President Petro Is Taking Heat in Colombia for Cancelling So Many Meetings
President Gustavo Petro has a punctuality problem. Since he took office, the media has made a habit of tracking the instances he has arrived late to an event — or when he simply didn’t show up at all — and the number is getting quite large.
Photo: President Gustavo Petro being questioned by the Colombian press. (Photo credit: Presidencia de la República)
According to a detailed account by Colombian publication La Silla Vacía, the nation’s first leftist president had tallied up to 82 cancellations by mid-July after less than one year in office. Nearly one-fourth of the cancellations (20 instances) occurred on a Friday.
Why so many missed meetings and changes to the agenda?
At a press conference in February, Laura Sarabia, the president’s former chief of staff who was removed from her position in early June in the wake of Colombia’s “nannygate” scandal, said that Petro’s frequent tardiness is due to him allowing meetings with various constituents to run long.

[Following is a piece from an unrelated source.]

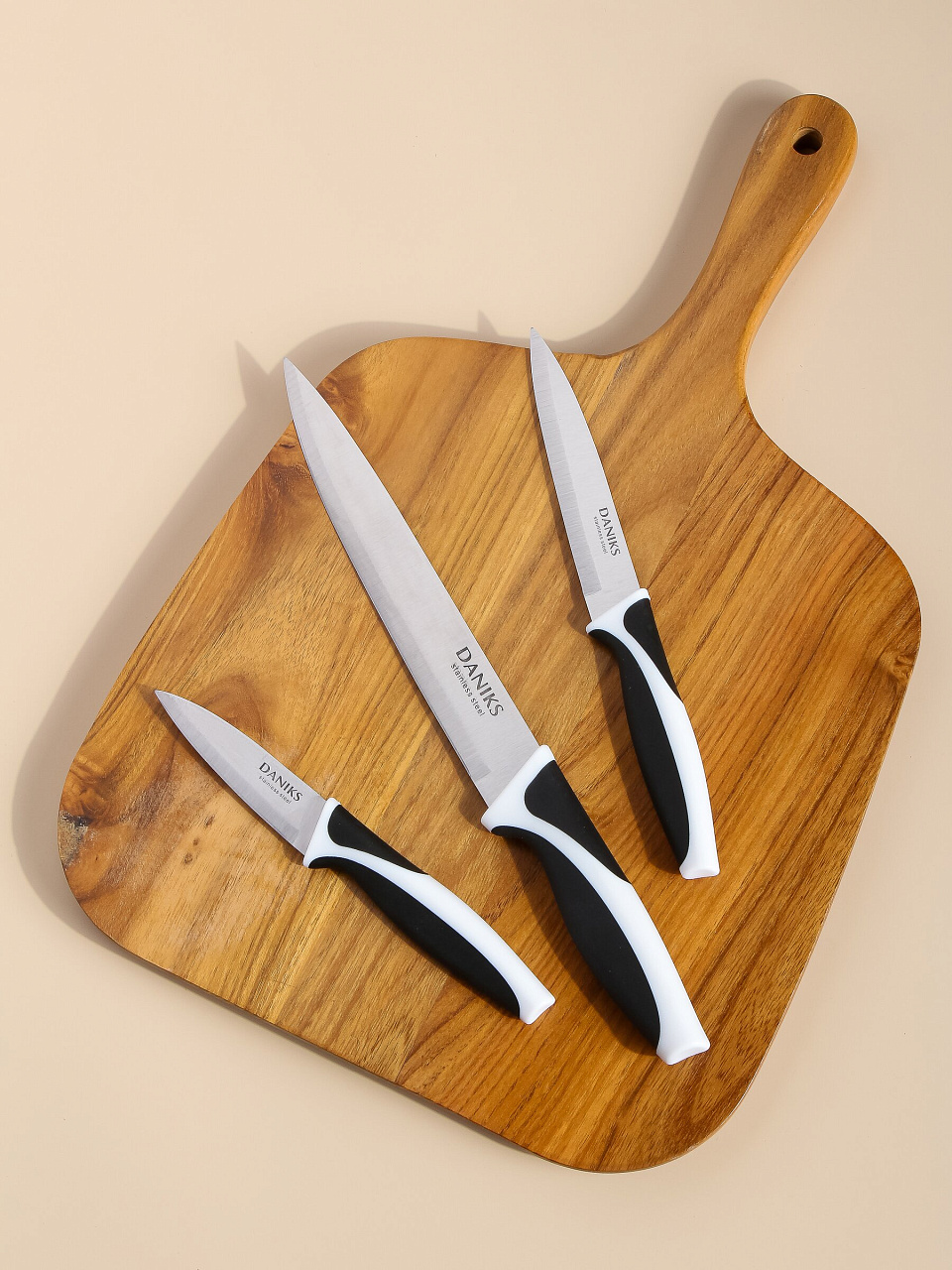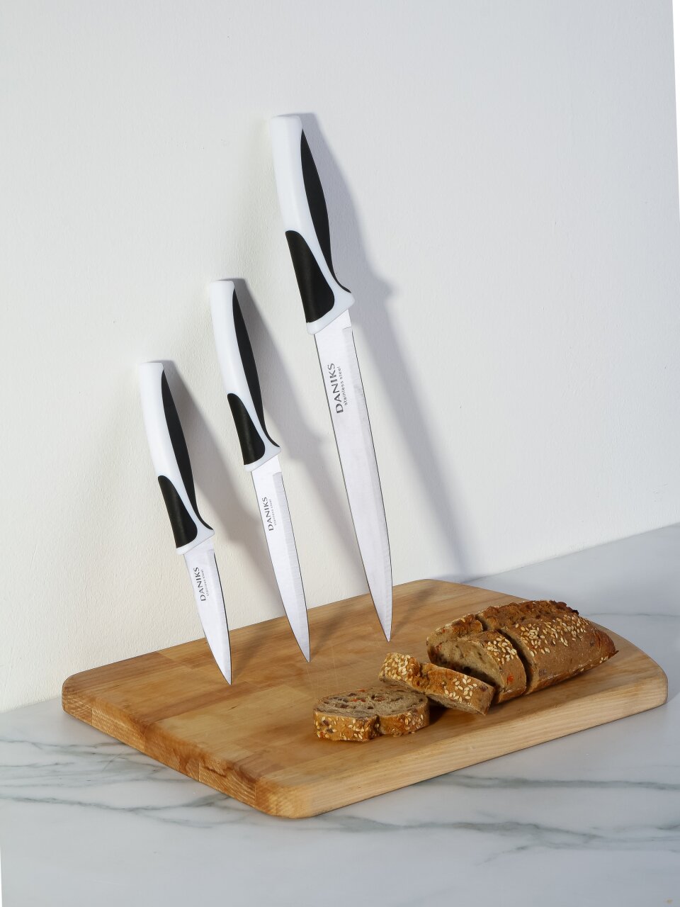 Набор ножей 3 пр. HouseLoft Daniks — идеальный выбор для кухни: нержавеющая сталь, лёгкость ухода, универсальность для дома и дачи по выгодной цене.

“For the president, the protocol issue to say ‘I only have 2 hours to listen to such and such community,’ does not exist,” she said. “He prefers that people feel listened to, from the community in Cauca to the businessman who came for only half an hour and ended up talking for two hours with the president on a myriad of topics. That happens in all issues.”
The months with the most cancellations in Petro’s agenda came in March and April of this year, according to La Silla Vacía. On average, nine events have been canceled per month, not counting the large number of meetings to which the president has arrived late.

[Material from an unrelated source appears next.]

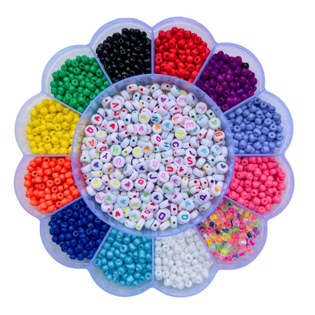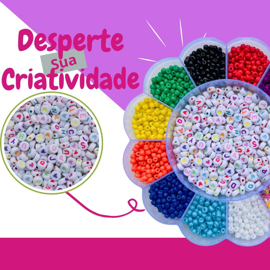 Kit Miçangas de vidro infantil pulseira colar + Silicone Completo colorido entremeio aprox 2600 pçs

With so many agenda changes, and a family member spreading since-refuted rumors, two opposition congressmen requested that the Senate force the president to undergo an health examination, which would not fall within the bounds of the law.
Petro tweeted a response: “Now they want to confuse the fact that I don’t go to an event with me having a supposed disorder. No, sir, they cannot snare the president with these gross traps. When we talk about national agreement, we talk about fair dealing. Don’t waste my time with nonsense.”

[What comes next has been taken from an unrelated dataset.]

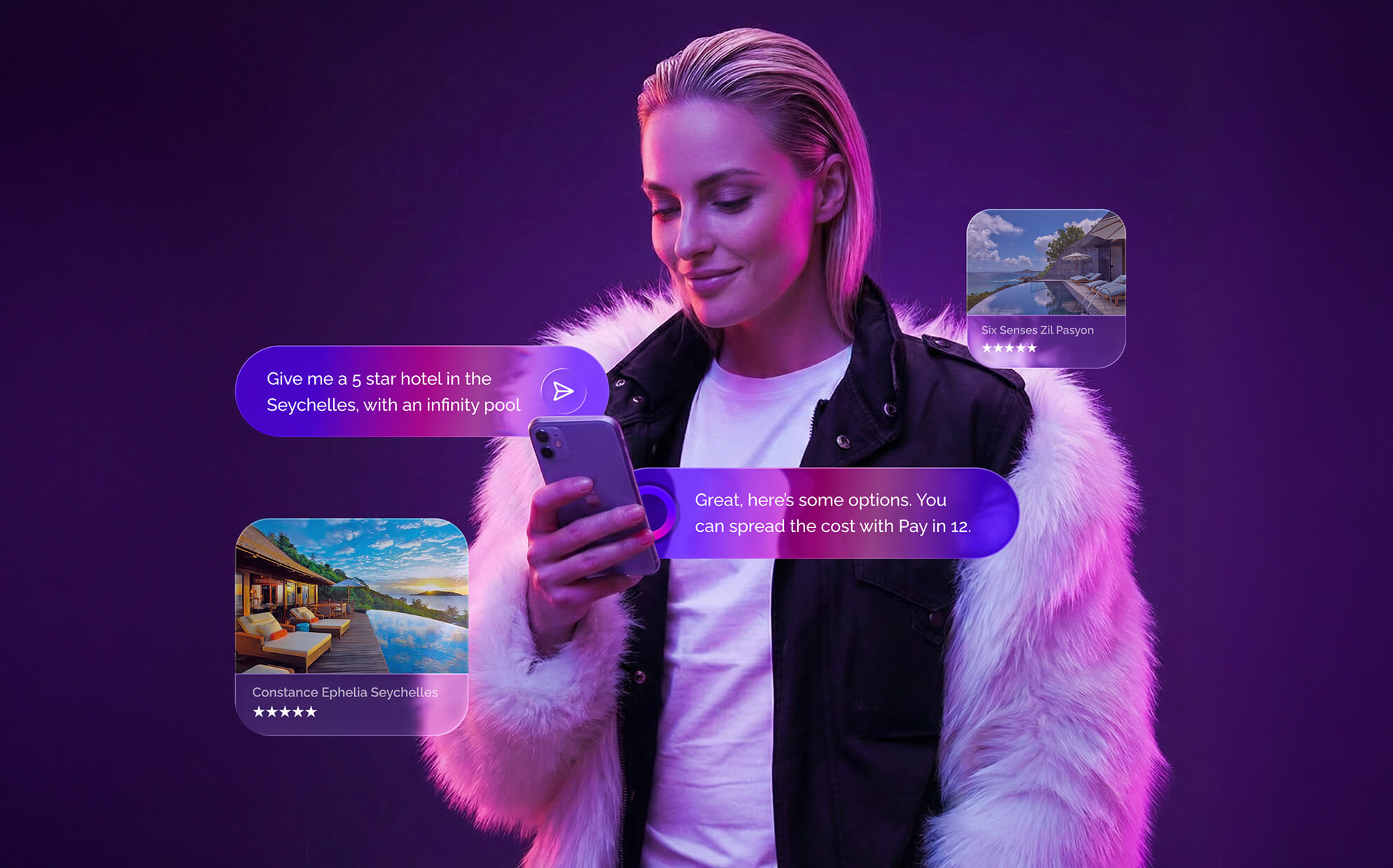 Critically, every trip recommendation arrives with a personalised payment plan already embedded. Vuelo's proprietary risk engine runs in the background before the customer sees a single travel option. Rather than showing a headline price with financing as an afterthought, Vuelo presents the trip as it is actually experienced: "Barcelona, 5 nights, £74 per month over 6 months."

As for why he keeps missing meetings, Petro himself gave a direct answer last month when he was asked during a video interview by Colombian journalist Daniel Coronell for Cambio.
“Constant fatigue is a bad advisor. If you overdo it, you won’t think well and you will make mistakes — and in this case I don’t have the luxury of committing many errors. And the other thing is that, in meetings, I don’t have a habit of being guided by the clock but by the content of the meeting.”